Confidential computing is a hardware feature that encrypts a virtual machine's memory while it's running. The cloud provider — the hypervisor, the host kernel, the physical machine — cannot read the VM's memory. The encryption is performed by the CPU itself; the keys never leave the silicon.
Without confidential computing, your cloud provider can always read your data in memory.

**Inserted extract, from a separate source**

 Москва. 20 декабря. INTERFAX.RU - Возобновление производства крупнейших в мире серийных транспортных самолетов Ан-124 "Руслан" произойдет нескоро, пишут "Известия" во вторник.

With it, they see only ciphertext.
| Technology | Vendor | What it does | Availability |
|---|---|---|---|
| AMD SEV-SNP | AMD | Encrypts VM memory; attests the launch was untampered | Azure DCasv5, GCP N2D |
| Intel TDX | Intel | Trust Domain extensions; encrypts + isolates from host | GCP C3, Azure DCesv5 |
| Arm CCA | Arm | Realm management; memory encryption + attestation | Maturing (future) |
Why agents
Why this matters for AI agents
An autonomous agent is a special case in the threat model:
- It runs untrusted code — generated from a prompt, a tool call, or adversarial input.

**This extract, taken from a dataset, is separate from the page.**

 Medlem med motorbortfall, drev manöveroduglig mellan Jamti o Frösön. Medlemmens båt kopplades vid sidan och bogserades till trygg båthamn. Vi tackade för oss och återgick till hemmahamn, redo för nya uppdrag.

- It touches sensitive data — credentials, PII, proprietary data, all in memory.
- It runs on infrastructure you don't fully control — the cloud provider's hypervisor can read the VM's memory.
Without confidential computing
Attestation
The two-layer binding
Layer 1 — hardware anchoring
The AMD VCEK-signed SNP report → VCEK chain validated to the genuine AMD Milan ARK → SHA256(var_data) == REPORT_DATA[..32] → binds the vTPM AK into the hardware-signed report.
Layer 2 — freshness + nonce binding
A tpm2_quote under the AK → signature covers a TPM2B_ATTEST embedding SHA256(canonical_report_data) → binds the per-workspace context to a fresh, unreplayable quote. Only the live, hardware-anchored AK could sign it.
Both layers must hold for the control plane to release the DEK.
Single-CVM-direct
Why not nesting?
AMD SEV-SNP strips the hardware virtualization extensions from the leaf guest. A confidential VM cannot also be a hypervisor. Verified on silicon: /dev/kvm is absent on a DCasv5; the svm CPU flag is zero.
So the confidential tier runs the workspace directly inside the CVM — no nested microVM. The CVM is the boundary. OpenShell provides in-process governance. One CVM per sensitive workspace.